Coast Seafood UIC Permit and Wastewater Treatment System Design

Coden, Alabama

Coast Seafood, Inc. is an oyster processing plant located on Johnson Road in the Coden community of Mobile County. The company provides services that process (i.e. picking, washing and cleaning) freshly harvested oysters brought on site from Mobile Bay and the surrounding Gulf Coast.

McFadden Engineering was retained by Coast Seafood after Alabama Department of Environmental Management (ADEM) personnel recommended that the facility update its existing treatment system to one that would remove the high bacteria and biological content that is typically present in waste from a seafood processing facility. In conjunction with this system, since there is no public sewer connection available for the oyster processing facility, the Department recommended an Underground Injection Control (UIC) system be placed onsite to dispose of the treated water.

McFadden Engineering assisted Coast Seafood with addressing these issues by applying for the UIC permit and designing a wastewater treatment system that could address the facilities treatment requirements. As part of the UIC permit application, a soils investigation was conducted to identify a disposal area for the treated wastewater on the property. In addition, McFadden personnel conducted a water well inventory within a half-mile radius of the facility and the proposed injection area.

McFadden Engineering developed a treatment process train that would efficiently treat the water and reduce the bacteria and biological concentrations prior to being injected into the disposal.
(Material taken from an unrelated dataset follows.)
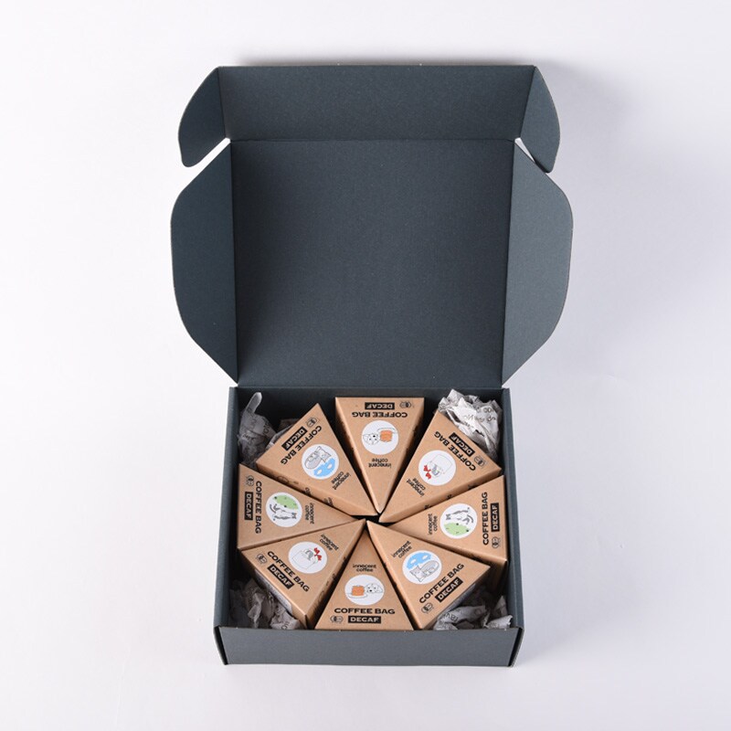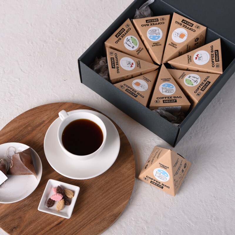 デカフェのコーヒーバッグテトラ8個セットを洗練されたギフトボックスに入れてお届けします。いろんな種類のコーヒーバッグの詰め合わせは、見た目もかわいく、様々な味がお楽しみいただけます。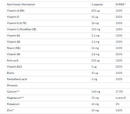 Ingrédients: vitamine A, vitamine D, vitamine E, vitamine C, vitamine B1, vitamine B2, niacine, vitamine B6, acide folique, vitamine B12, biotine, acide pantothénique, calcium (chélate d'acides aminés Albion®, carbonate de calcium), magnésium (chélate d'acides aminés Albion®, oxyde de magnésium, potassium, zinc (chélate d'acides aminés Albion®), fer (chélate d'acides aminés Albion® (Ferrochel®)), manganèse (chélate d'acides aminés Albion®), cuivre (chélate d'acides aminés Albion®), iode, sélénium, extrait de ginseng panax coréen (Panax ginseng L.), dont 7 % de ginsénosides, lutéine, acide hyaluronique

Project engineers decided to leave existing treatment tanks in place and use them as pre-treatment tanks prior to implementing an attached growth biological treatment system to reduce organic loading in the waste stream. McFadden’s patent pending OxyShark® treatment unit was implemented as the primary treatment unit in the process. Lastly, to address the mitigation of high microbial populations in the effluent and to further reduce (via oxidation) the organic load, an ozone process will be the final treatment before disposal into the field lines.

With the assistance of McFadden Engineering, Coast Seafood received their UIC permit for the facility from ADEM and immediately started construction of the treatment system. The system was brought online in 2015 and has been in compliance with UIC permit limits and requirements since its start-up.